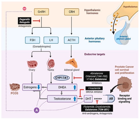Androgen production and its role in PCOS and PCa and different approaches to target androgen production. Several different approaches are being currently being pursued to target androgen production for the treatment of hyperandrogenic disorders. These include GnRH antagonists, CYP17A1 inhibitors, 5α-reductase inhibitors, and androgen receptor-targeting chemicals. Created by https://www.Biorender.com.
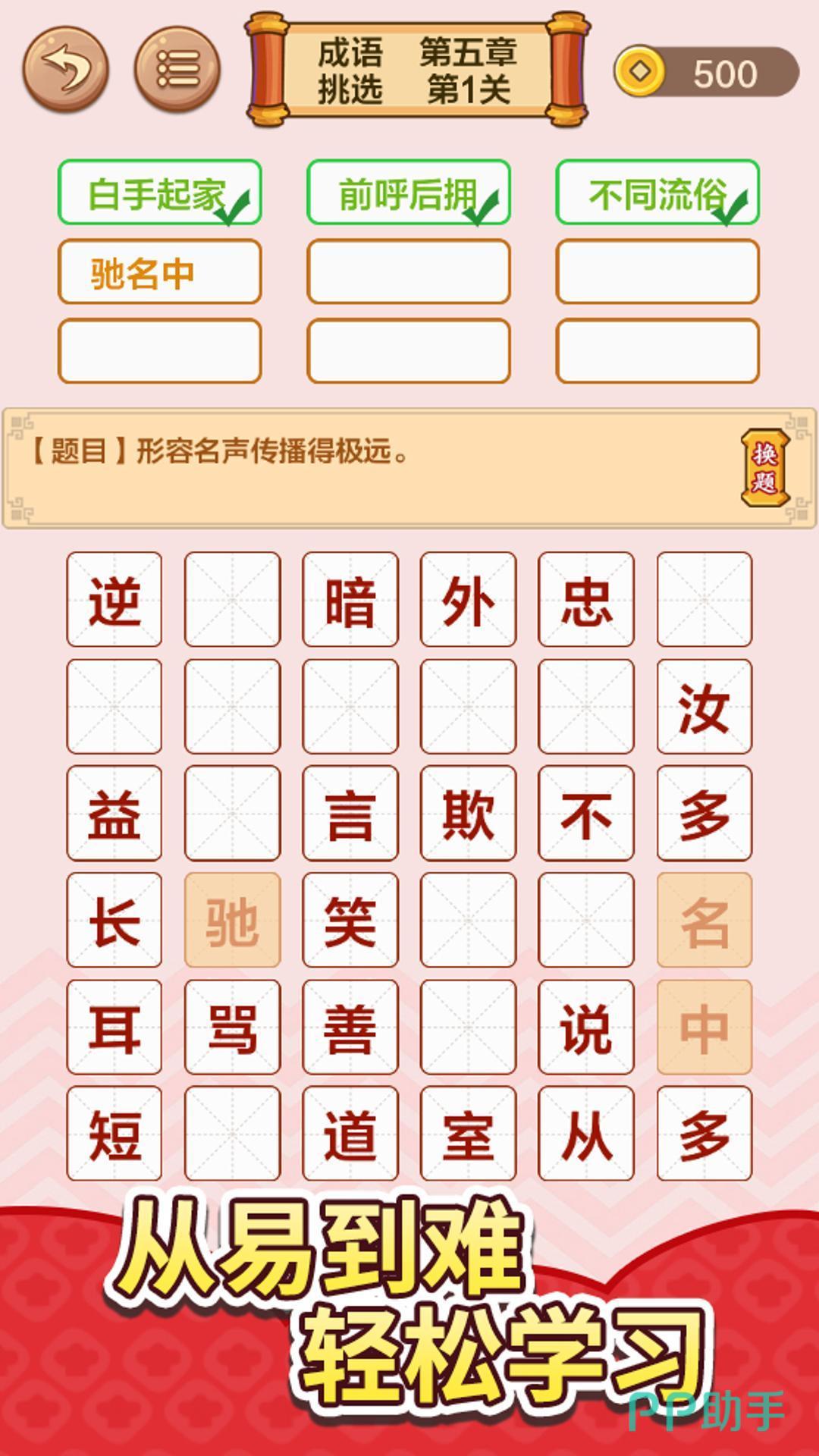 《成语大接龙》按照难易程度划分等级,循序渐进地引导玩家提升水平。游戏中设置多种隐藏任务,需要从混乱字阵中挑选合适词语完成拼接。整体沿用经典的首尾相连规则,操作直观,挑战性强,适合希望系统化训练成语能力的用户。
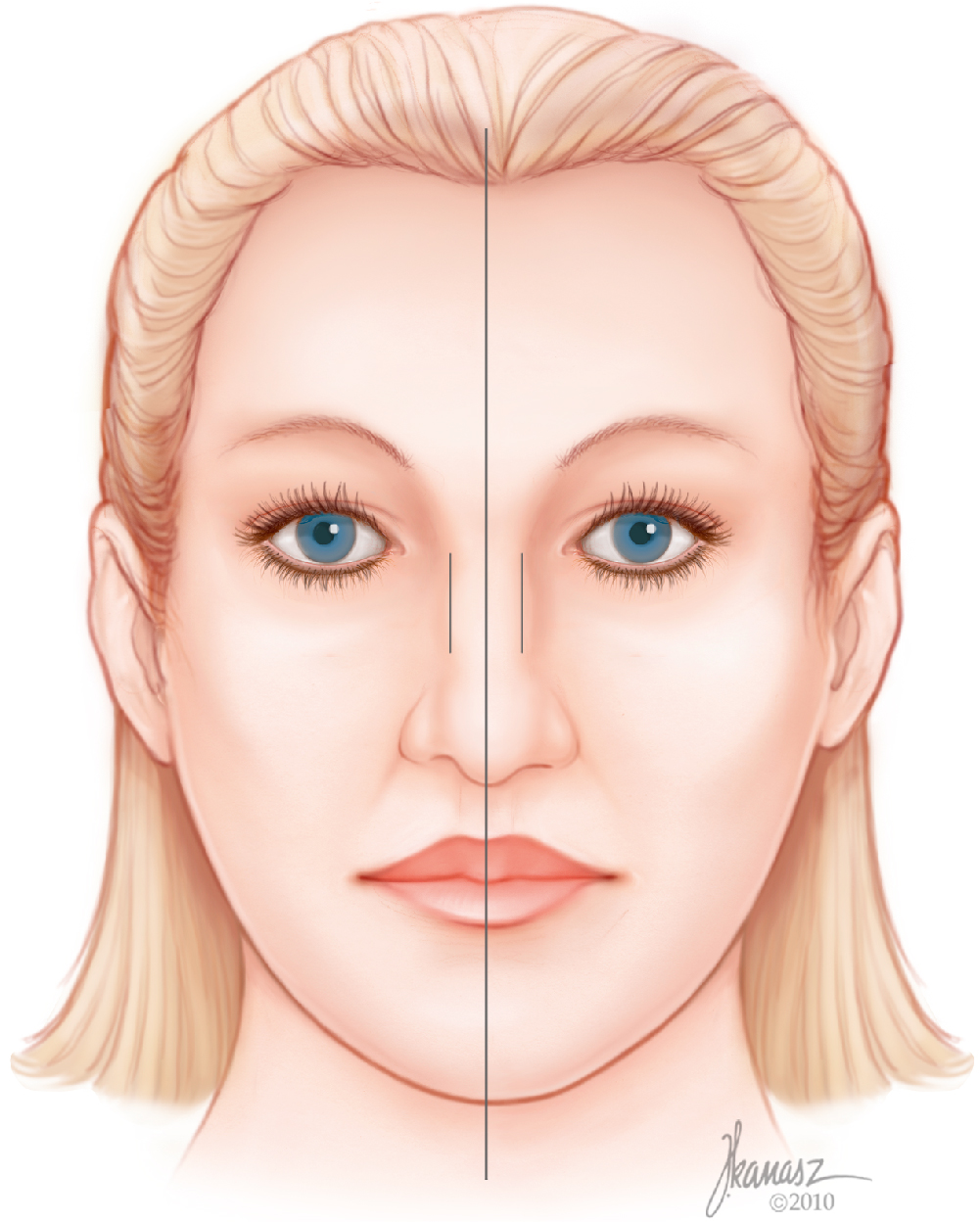 • When the dorsum is narrow, the eyes may appear closer to each other and widening of the nose may provide an impression of widened distance between the eyes.
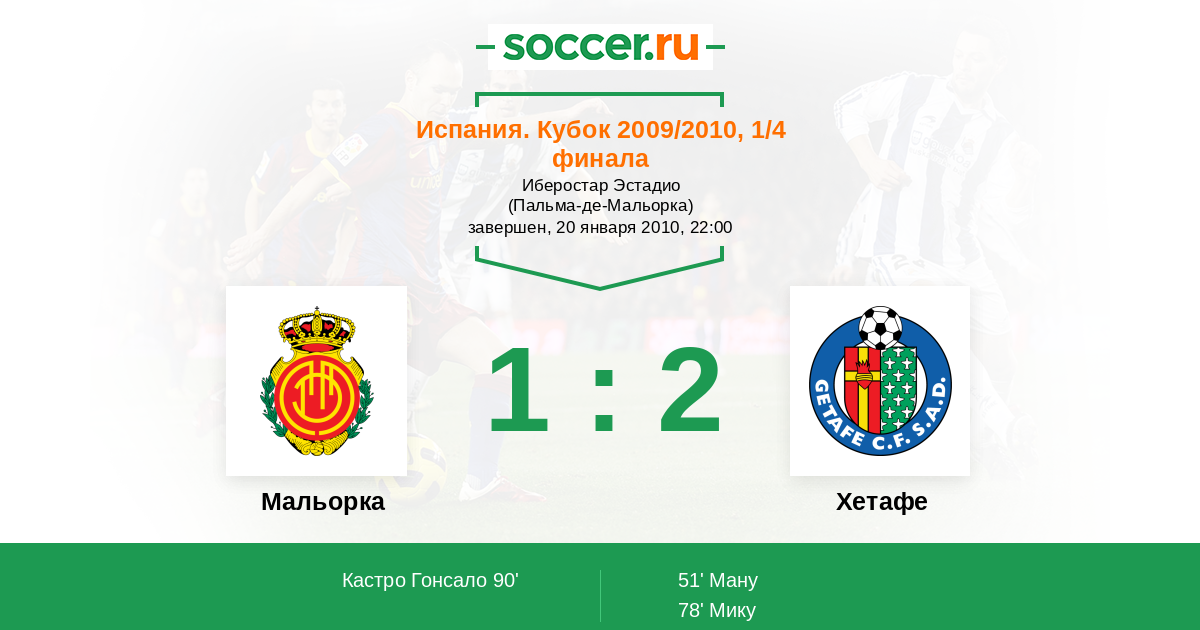 Испания. Кубок 28.01.2010 Хетафе Логотип футбольный клуб Хетафе 0:1 Логотип футбольный клуб Мальорка (Пальма-де-Мальорка) Мальорка

— WHAT IS NEEDED —
Please print the data above in its entirety, exactly, but without any picture.

— TASK RESULT —
Androgen production and its role in PCOS and PCa and different approaches to target androgen production. Several different approaches are being currently being pursued to target androgen production for the treatment of hyperandrogenic disorders. These include GnRH antagonists, CYP17A1 inhibitors, 5α-reductase inhibitors, and androgen receptor-targeting chemicals. Created by https://www.Biorender.com.
 《成语大接龙》按照难易程度划分等级,循序渐进地引导玩家提升水平。游戏中设置多种隐藏任务,需要从混乱字阵中挑选合适词语完成拼接。整体沿用经典的首尾相连规则,操作直观,挑战性强,适合希望系统化训练成语能力的用户。
 • When the dorsum is narrow, the eyes may appear closer to each other and widening of the nose may provide an impression of widened distance between the eyes.
 Испания. Кубок 28.01.2010 Хетафе Логотип футбольный клуб Хетафе 0:1 Логотип футбольный клуб Мальорка (Пальма-де-Мальорка) Мальорка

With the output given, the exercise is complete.